Watchdog warns of unacceptable cybersecurity in Generalitat entities

The report reveals that ten consortia and foundations fall below 50% maturity in cybersecurity, with governance described as "practically non-existent".

Generic image of cybersecurity with digital circuits and a Mediterranean city in the background.
IA

Generic image of cybersecurity with digital circuits and a Mediterranean city in the background.

The Court of Auditors has concluded that cybersecurity governance in 16 consortia and foundations of the Generalitat Valenciana is "unacceptable," with ten entities scoring below 50% maturity.

The Court of Auditors has warned about the deficient cybersecurity governance within the instrumental public sector of the Generalitat Valenciana. An analysis of 16 consortia and foundations, including hospitals, research centers, and the Palau de les Arts Foundation, indicates that no entity achieves an adequate level of maturity.
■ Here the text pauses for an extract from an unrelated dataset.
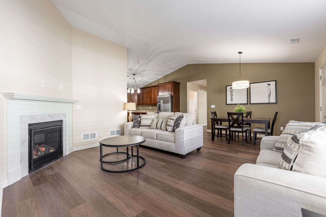 Modern Luxury Meets Everyday Convenience in a New Construction Townhome! Discover the perfect blend of sophistication and functionality in this newly constructed townhome. With a modern open-concept layout, the kitchen, dining, and living areas flow seamlessly-perfect for entertaining and daily living. The living room boasts a cozy gas fireplace and dramatic cathedral ceilings, adding warmth and elegance to the space. The gourmet kitchen is a chef's dream, featuring 42-inch upper cabinets with rich crown molding, granite countertops, and stainless steel appliances, combining style and practicality with ample storage. This home includes two spacious bedrooms and a versatile flex room that can be converted into a third bedroom or used as a home office. The primary suite is a relaxing retreat, complete with a walk-in closet and an en suite bathroom featuring a double vanity and an oversized shower. Full Basement with an egress window that's great for storage or finish to suit your needs. A combination laundry, mudroom, and storage area conveniently located off the garage adds to the home's functionality. The attached, fully insulated garage is drywall-finished and includes an insulated door. Enjoy maintenance-free living with an HOA that handles snow removal and lawn care, giving you more time to relax and enjoy your surroundings. Ideally located near parks, walking paths, schools, restaurants, and shopping, this townhome offers unmatched comfort, style, and convenience. Experience the best of modern living. Photos are of Model home. Pet friendly.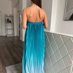 Türkiz színátmenetes, pliszírozott, maxi ruha:

Ten of them fall below a 50% score, reflecting a "very deficient" situation and, in some cases, "practically non-existent" governance.
The audit, which assesses security policies, risk management, and regulatory compliance, deems the overall cybersecurity situation "unacceptable" and points to a "neglect of responsibilities" by governing bodies. The Court of Auditors emphasizes that cybersecurity is a strategic management element, particularly for entities handling sensitive information and relying on digital systems.
The report details that six entities fall between 50% and 80% maturity, still considered "deficient," while the remaining ten are below 50%. Among the analyzed entities are the General University Hospital Consortium of Valencia, Fisabio, the Museums Consortium of the Valencian Community, and the ValER Foundation.
One of the most negative aspects is cyber-resilience, with fifteen entities scoring below 50%. This indicates a "lack of provisions and plans" to effectively address serious security incidents. The two hospital consortia, those in Valencia and Castellón, present an "especially grave" situation due to the critical nature of the healthcare services they provide.
Furthermore, "significant deficiencies" are detected in regulatory compliance, with a widespread "non-compliance with legislation regarding information security and data protection." Only two entities exceed 80% in this area, falling far short of meeting the National Security Scheme (ENS) requirements.
The implementation of Decree 49/2025 on the Information Security Policy is also lacking. As of the end of 2025, only the ValER Foundation had formally adhered to it. Entities under the Health (39.8%), Education (17.2%), and Environment (7.5%) departments show particularly low average scores.
In light of this scenario, the Court of Auditors recommends "active leadership" in security, the adoption of policies aligned with the ENS, the formalization of responsible parties, and investment in human and material resources, recognizing that "cybersecurity is not cheap."